When my plants are where yours are at, I water with a quarter-cup or so every other day. Do not drench.
Yeah, I don’t think I’m really drenching all that much, well, let’s put it this way, water never has drained out the bottom… I think the majority is being bottom watered where they suck up what they need, and they suck it up pretty quick…
I just had one time where the whole tray flooded and they were all sitting in water about half the height of the container for hours, that kind of threw me off.
That’s waaaayyyyy down the line. And I dunno how it “relates” to crispy leaves; I just know that by the time I chop my plants, there’s a LOT of crispy leaves. It doesn’t make any difference, I don’t think. The weed I grow is amazing haha.
I looked at the rest of the thread. You’re fine. Seedlings might develop yellow edges or whatever early on. Just let them ride. Do NOT start feeding them anything right now. Let them go until they have enough roots to transplant to a bigger pot (I’m assuming that’s your plan). Once you get them in bigger pots, their roots will stretch and they’ll look great.
My plants always look a little rough around day 30 of veg, but when I get them into their half-gallon veg pots, they take off and explode. You’ll be fine. The more you worry, the more you worry. Don’t worry.
What’s your soil mix? I don’t think I saw that, if you mentioned it.
Okay, yeah, that’s a good soil mix. Although I don’t know what “light recipe” means. I plant my seeds directly in the soil I use from beginning to end.
Honestly, you should be able to “leave them alone” for the entire grow. Water-only, for the most part. There’s no reason for you to add anything to your water with that soil mix. That’s kind of the whole point of organic growing, is that everything your plants need is already in the soil. Just water every other day and they’ll be fine. Keep your soil happy and your plants should thrive.

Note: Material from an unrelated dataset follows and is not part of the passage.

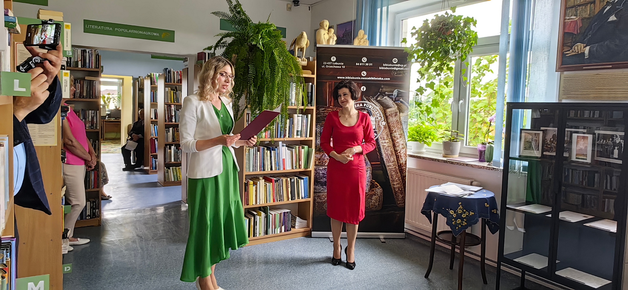 W obchodach uczestniczyła Pani Joanna Mazurek – dyrektor Wydziału Spraw Społecznych i Promocji Powiatu Starostwa Powiatowego w Zamościu, Kierownik Filii Urzędu Marszałkowskiego w Zamościu Pan Mariusz Tłuczek, Wójt Gminy Łabunie – Mariusz Kukiełka, Przewodnicząca Rady Gminy Elżbieta Kuźma, Pan Tadeusz Sławecki – Dyrektor Wojewódzkiej Biblioteki Publicznej im. Hieronima Łopacińskiego w Lublinie, Panie Halina Zielińska i Kamila Niemczuk z Książnicy Zamojskiej, środowisko bibliotekarzy z bibliotek powiatu zamojskiego, Państwo Dorota i Leszek Firkowie, sołtysi i radni gminy Łabunie, Pani Anna Boć-Bil dyrektor Domu dla Matek z Małoletnimi Dziećmi i Kobiet w Ciąży w Łabuniach. Anna Syska Kierownik GOPS w Łabuniach Justyna Żuk kierownik COM w Brudku, a także Panie z Kół Gospodyń Wielskich terenu Gminy Łabunie, emerytowani pracownicy i kierownicy biblioteki w tym wieloletni kierownik Bogdan Szykuła, a także czytelnicy, sympatycy i miłośnicy książki i biblioteki.

Anyway, yeah, you’ll be fine. I like that you’re already mulching, even in those tiny pots. I do the same thing, mulch right from the start. You obviously know what you’re doing, even if you don’t know it yet haha.
Thanks, trying my best you know? A decent amount of research but limited experience.
Plus not following an exact recipe/guideline so a bit on my own in some regards I guess. Part of it is also buying some things before I knew better and wanting to make use them as well lol
So my understanding is that the “light” soil means it has less compost vs some of their other ones and is meant for seedlings/clones I believe.
I think it’s supposed to take you pretty far but to be amended at some point before harvest… look them up on YouTube, Jeremy the owner has a new series going following some of his grows, it’s pretty good. I think he amended it in his series right before flower with some of his bloom amendments, but he has a way bigger pot.